BRIEF = Set down exactly the lines below, starting at the one that contains "In this wonderfully" and ending at the one that contains "AA524新款簍空透光流蘇抽繩長褲 白 黑 官網價$1220 線上價$1190", with both of those lines included and nothing else.

EXERCISE DATA =
*****

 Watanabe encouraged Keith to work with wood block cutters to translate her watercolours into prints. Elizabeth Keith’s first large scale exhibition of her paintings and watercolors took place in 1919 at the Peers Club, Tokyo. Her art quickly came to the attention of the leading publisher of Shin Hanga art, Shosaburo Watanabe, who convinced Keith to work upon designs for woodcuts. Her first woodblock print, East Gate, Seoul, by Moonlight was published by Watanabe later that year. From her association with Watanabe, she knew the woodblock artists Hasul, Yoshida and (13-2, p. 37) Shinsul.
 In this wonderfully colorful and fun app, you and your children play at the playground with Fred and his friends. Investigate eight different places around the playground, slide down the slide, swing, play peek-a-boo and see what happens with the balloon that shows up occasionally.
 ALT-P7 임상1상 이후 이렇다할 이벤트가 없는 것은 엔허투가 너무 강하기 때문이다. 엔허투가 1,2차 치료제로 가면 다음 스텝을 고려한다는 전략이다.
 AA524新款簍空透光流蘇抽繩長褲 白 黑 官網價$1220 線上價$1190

*****

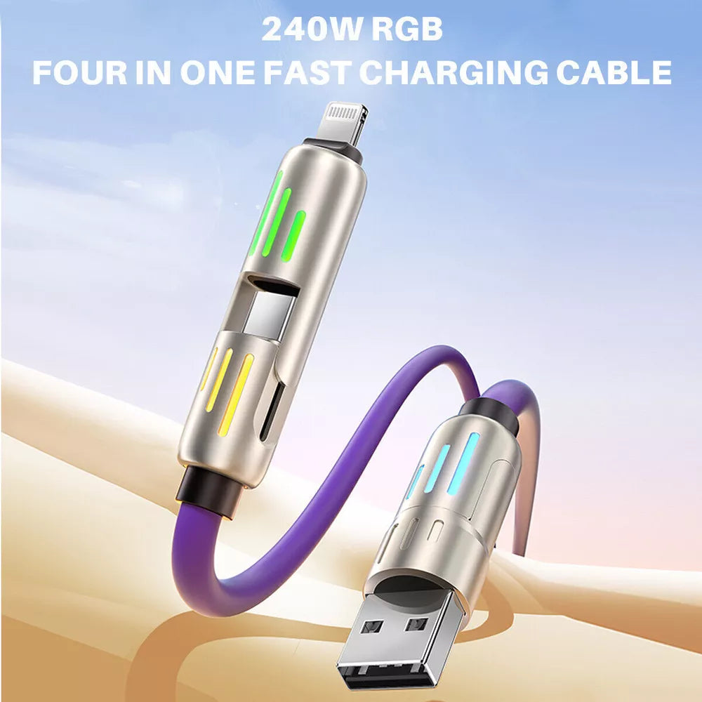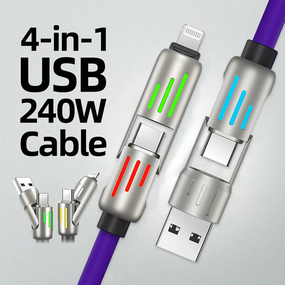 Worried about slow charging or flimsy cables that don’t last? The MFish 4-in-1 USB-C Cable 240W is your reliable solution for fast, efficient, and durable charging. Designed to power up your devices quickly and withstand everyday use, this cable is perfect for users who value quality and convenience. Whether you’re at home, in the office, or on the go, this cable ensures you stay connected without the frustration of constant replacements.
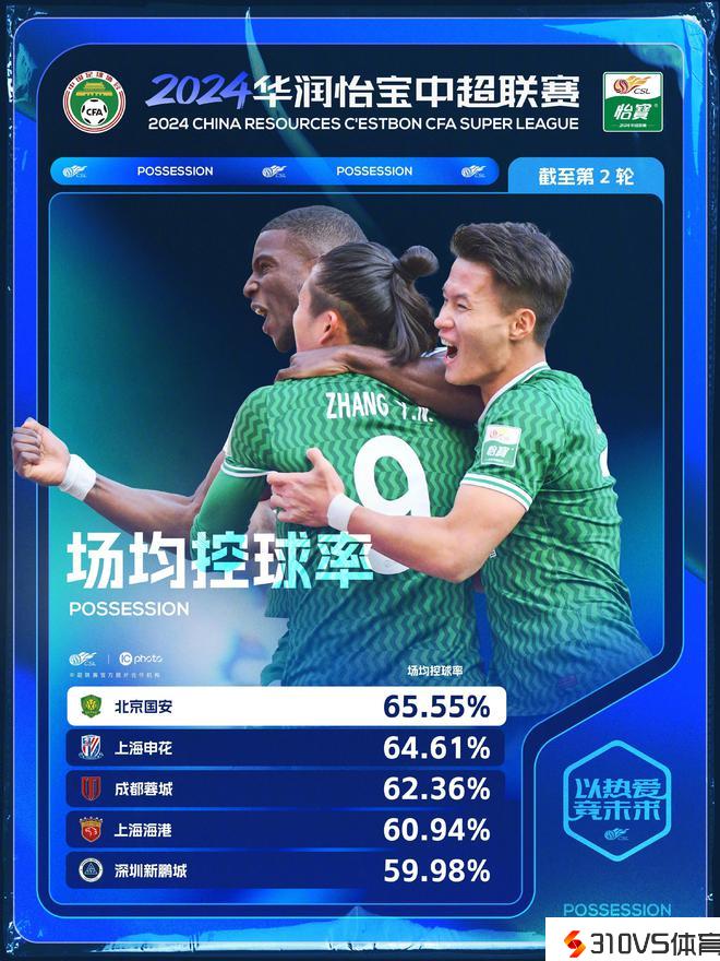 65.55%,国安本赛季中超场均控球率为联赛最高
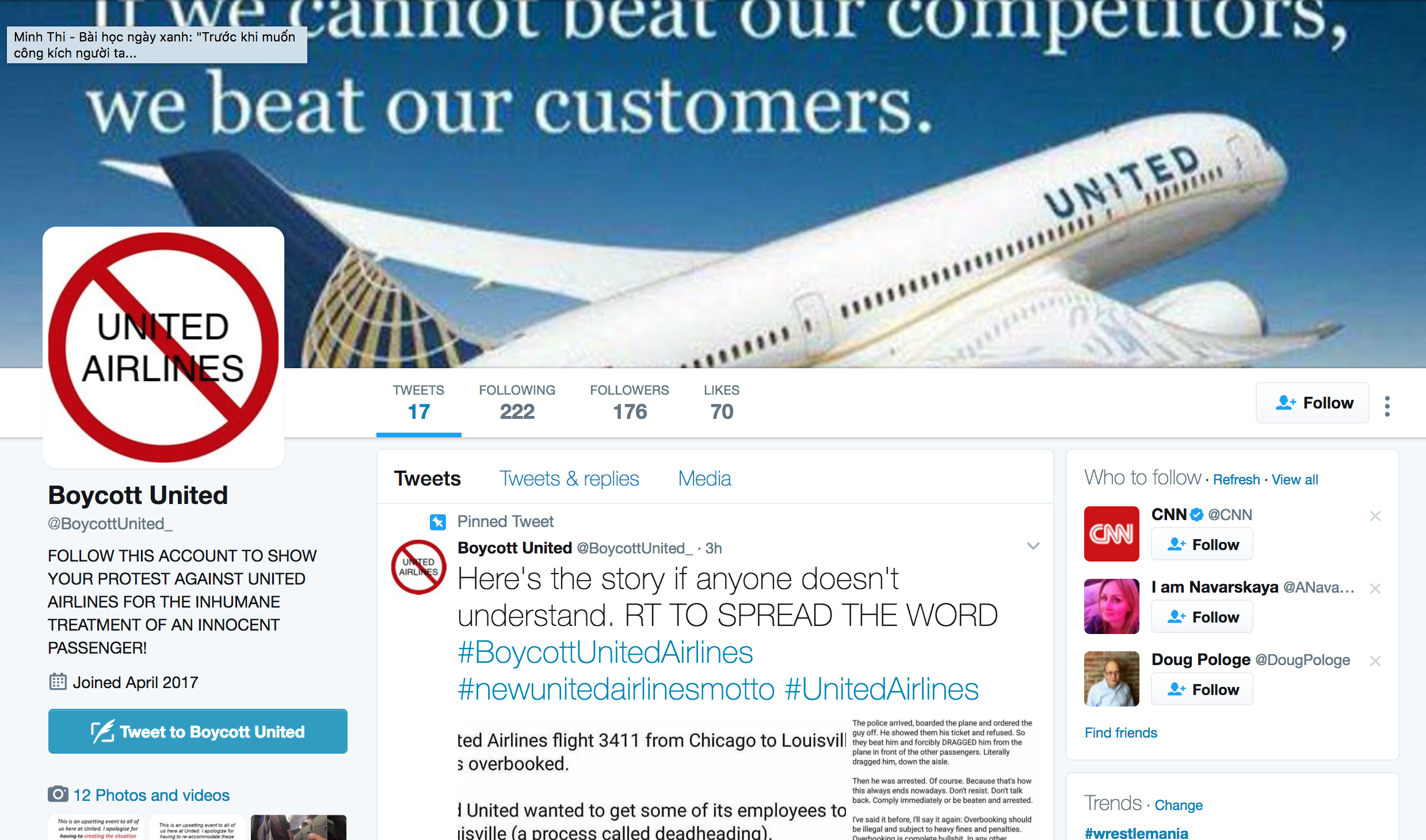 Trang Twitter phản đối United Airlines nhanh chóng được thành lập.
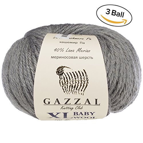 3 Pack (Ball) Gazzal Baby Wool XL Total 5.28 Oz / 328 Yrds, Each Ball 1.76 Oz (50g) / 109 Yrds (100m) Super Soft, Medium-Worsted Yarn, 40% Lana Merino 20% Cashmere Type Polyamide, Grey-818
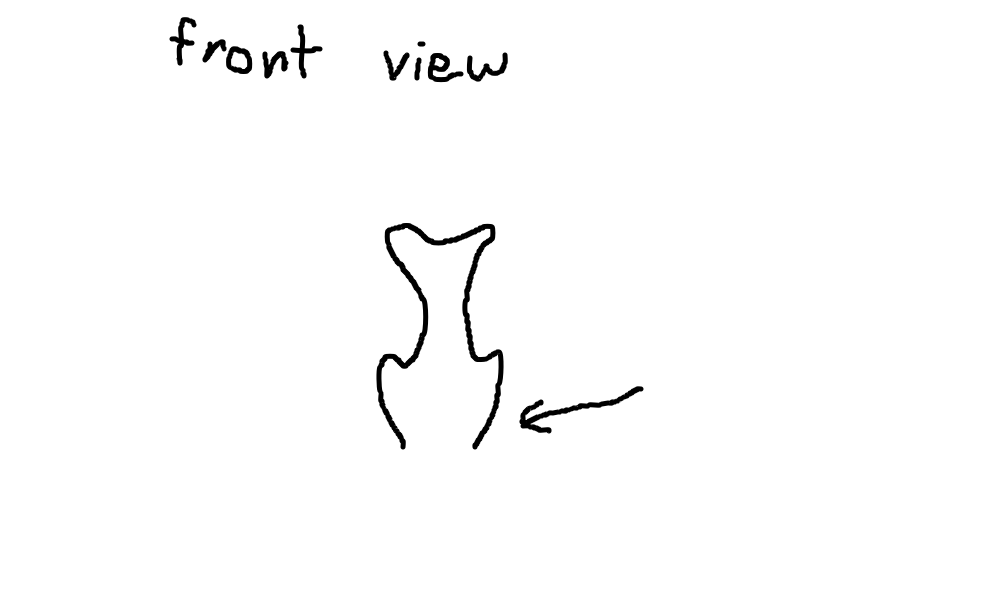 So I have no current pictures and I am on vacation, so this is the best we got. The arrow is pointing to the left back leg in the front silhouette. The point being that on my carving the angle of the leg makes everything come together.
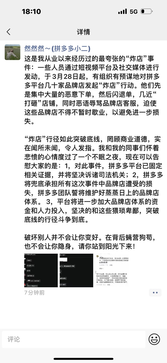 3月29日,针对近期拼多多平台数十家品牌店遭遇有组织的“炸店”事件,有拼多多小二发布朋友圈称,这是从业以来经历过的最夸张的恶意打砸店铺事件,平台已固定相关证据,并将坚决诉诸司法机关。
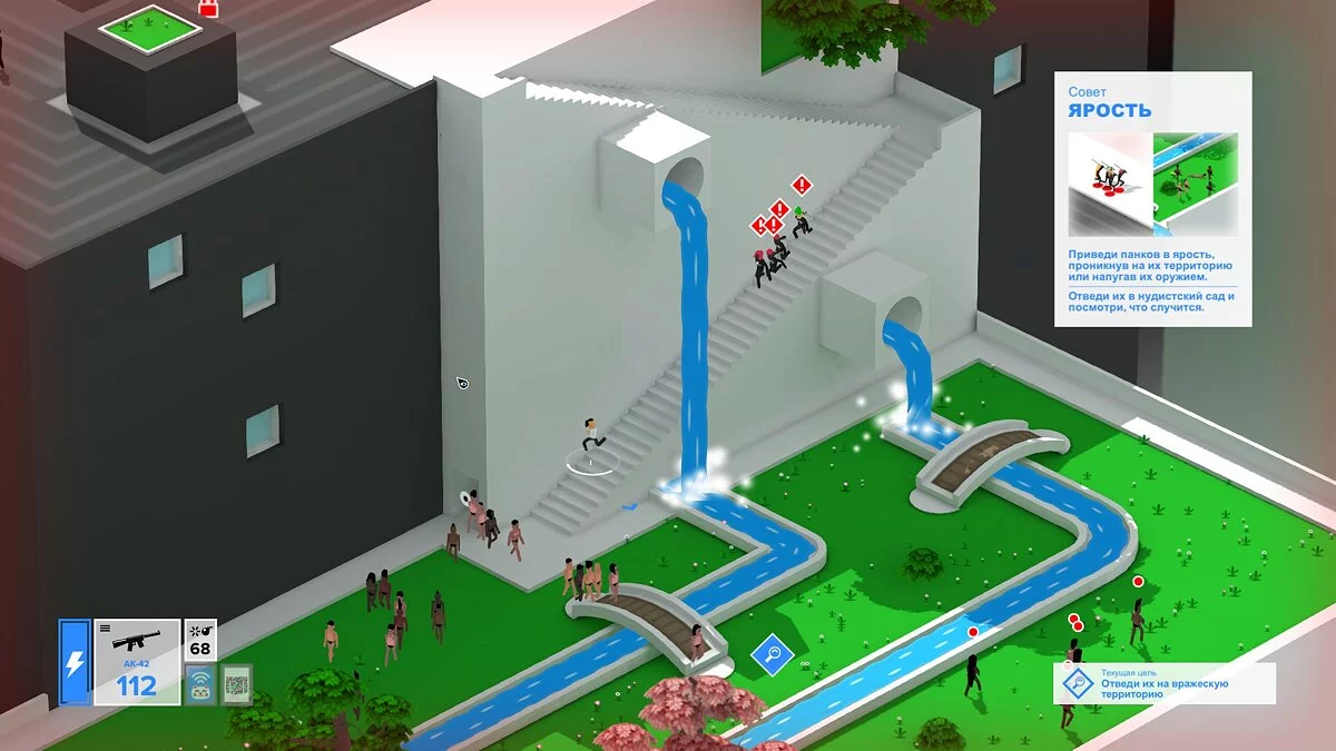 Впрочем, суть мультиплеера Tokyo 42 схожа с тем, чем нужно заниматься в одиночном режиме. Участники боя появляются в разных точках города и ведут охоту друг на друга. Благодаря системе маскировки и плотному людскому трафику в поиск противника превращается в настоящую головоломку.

*****

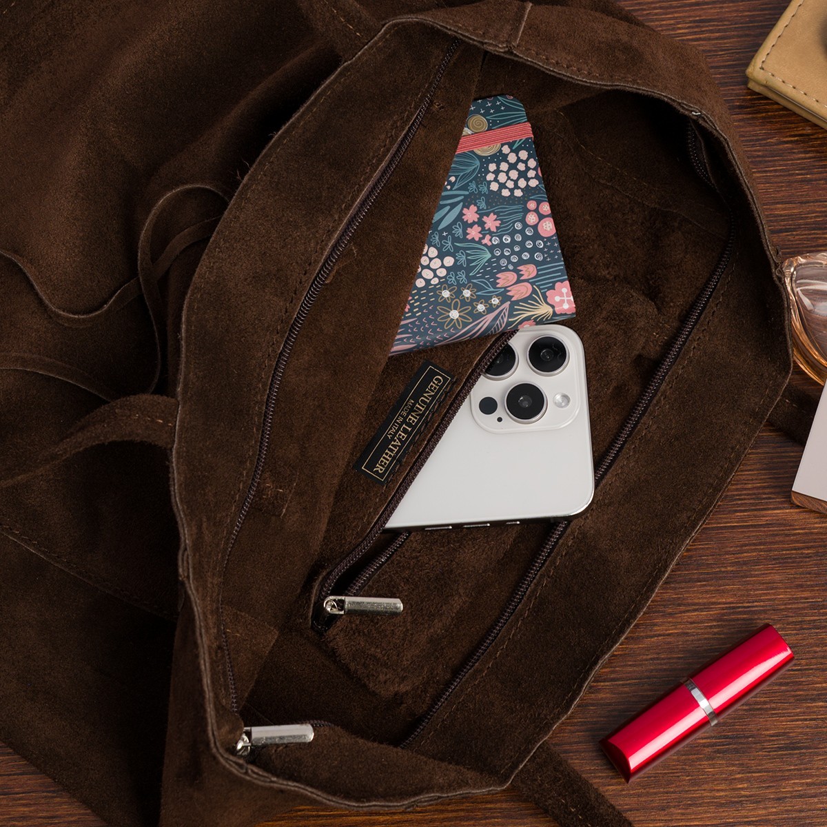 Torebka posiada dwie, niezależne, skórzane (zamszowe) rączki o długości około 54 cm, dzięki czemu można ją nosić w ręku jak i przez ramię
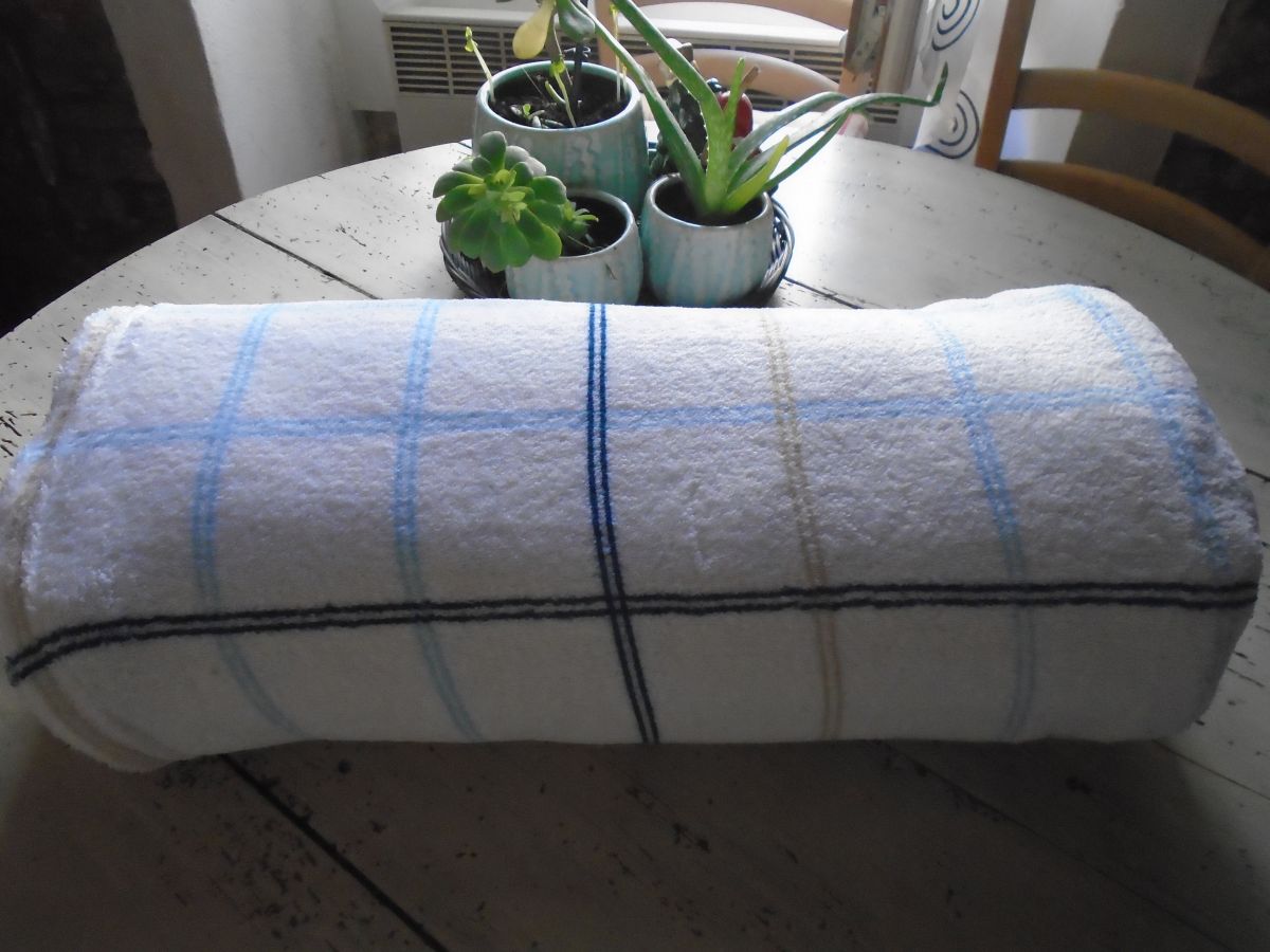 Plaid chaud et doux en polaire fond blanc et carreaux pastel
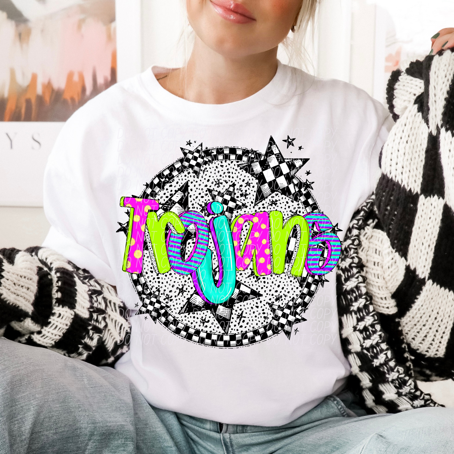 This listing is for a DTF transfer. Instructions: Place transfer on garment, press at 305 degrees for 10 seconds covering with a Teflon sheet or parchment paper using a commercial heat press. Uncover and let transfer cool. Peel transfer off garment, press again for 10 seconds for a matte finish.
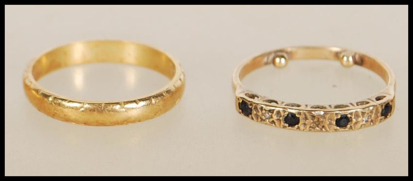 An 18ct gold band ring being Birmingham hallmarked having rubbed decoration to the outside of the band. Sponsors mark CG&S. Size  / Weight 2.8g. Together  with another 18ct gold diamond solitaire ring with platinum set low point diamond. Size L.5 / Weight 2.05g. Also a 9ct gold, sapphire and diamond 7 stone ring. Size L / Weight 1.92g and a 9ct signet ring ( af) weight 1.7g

*****

TASK OUTPUT =
 In this wonderfully colorful and fun app, you and your children play at the playground with Fred and his friends. Investigate eight different places around the playground, slide down the slide, swing, play peek-a-boo and see what happens with the balloon that shows up occasionally.
 ALT-P7 임상1상 이후 이렇다할 이벤트가 없는 것은 엔허투가 너무 강하기 때문이다. 엔허투가 1,2차 치료제로 가면 다음 스텝을 고려한다는 전략이다.
 AA524新款簍空透光流蘇抽繩長褲 白 黑 官網價$1220 線上價$1190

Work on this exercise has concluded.